Case 2: Sustained high I/O on the primary MySQL node

This is a more severe case where the locket service will lose the BBS lock and another BBS will grab the lock. See the error snippet "Error 1205: Lock wait timeout exceeded; try restarting transaction" from the bbs logs :

"timestamp":"1507608220.414745331","source":"bbs",
"message":"bbs.request.remove-actual-lrp.failed-removing-actual-lrp",
"log_level":2,"data":{"error":"Error 1205: Lock wait timeout exceeded; try restarting transaction","index":0,
"method":"POST","process_guid":"d15f873b-c295-43c8-a696-83f515cdde32-f166d12d-d97b-4d25-86e7-87ced6054e98",
"request":"/v1/actual_lrps/remove",
"session":"4194.1"}}

This error means the locket service query to the MySQL database was waiting for a row lock for more than a configurable amount of seconds. This configurable value defaults to 50 seconds.

In this condition, each of the BBS job will cycle through losing the lock and grabbing the lock. During this time, this has an undesirable effect of app staging failures.

Using the "iostat -mx 1" command, check for "%util" column.
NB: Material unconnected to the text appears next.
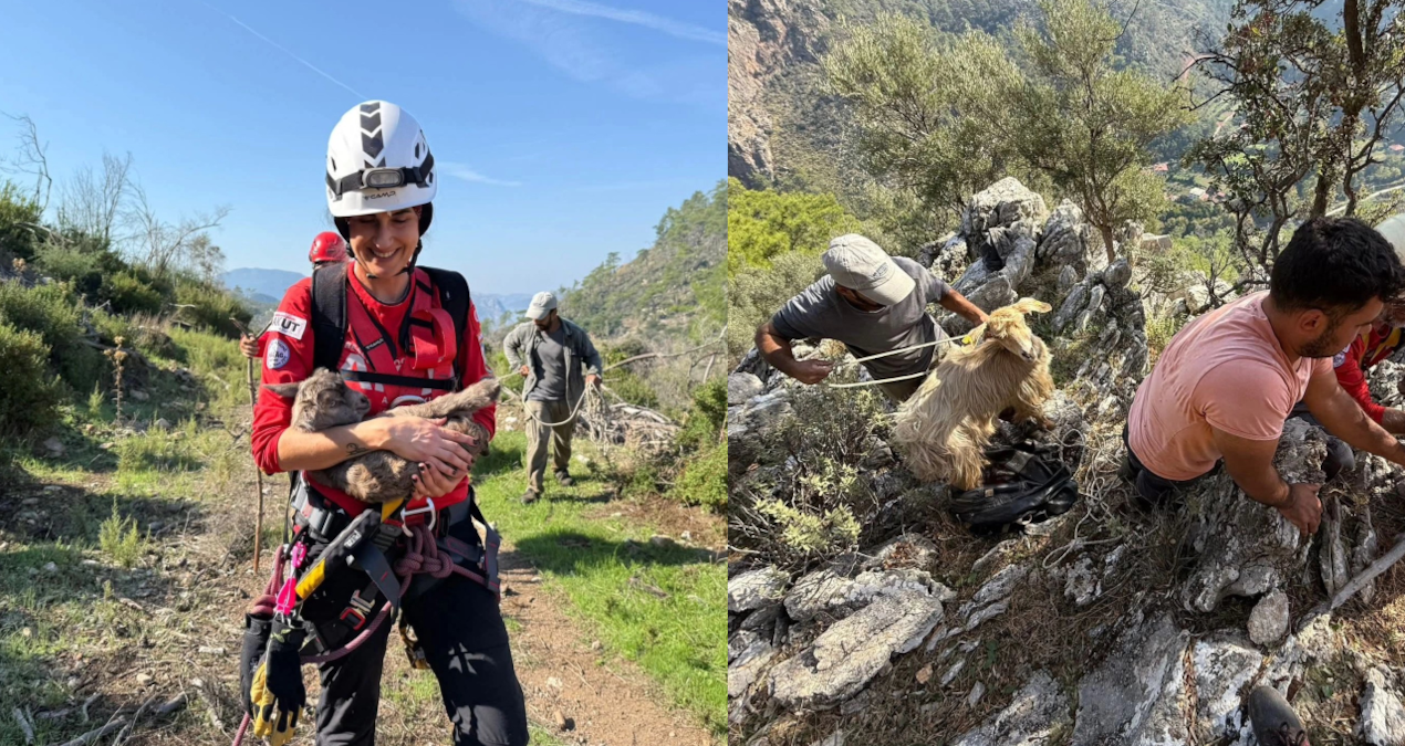 Bölgeye gelen Fethiye AKUT ekibinin 7 üyesi yaklaşık 4 saat süren operasyonda uçurumda mahsur kalan 4 keçiyi kurtararak sahibine teslim etti.

If there is a sustained value of over 90%, then this is likely attributed to non-performant storage backend used by the persistent store for the MySQL VM.

Check for storage performance at the infrastructure level to determine other IO bottlenecks and capacity sizing issues.

Important Note

In older versions of the Elastic Runtime, consul provided following functionality:

Maintain a record of distributed locks for components (like Diego BBS). This locking mechanism is essential for maintaining "active" status for jobs (like BBS) greater than or equal to 3
Presence record for the cell

In PCF 1.11, that locking mechanism has been replaced with a new service called locket.

Additional info on the locket service can be found in the diego design notes. Also check PCF 1.11 release notes for the details on locket service.

In order to check for the job that holds the lock, use the "cfdot locks" command from any of Diego BBS or Diego brain VMs.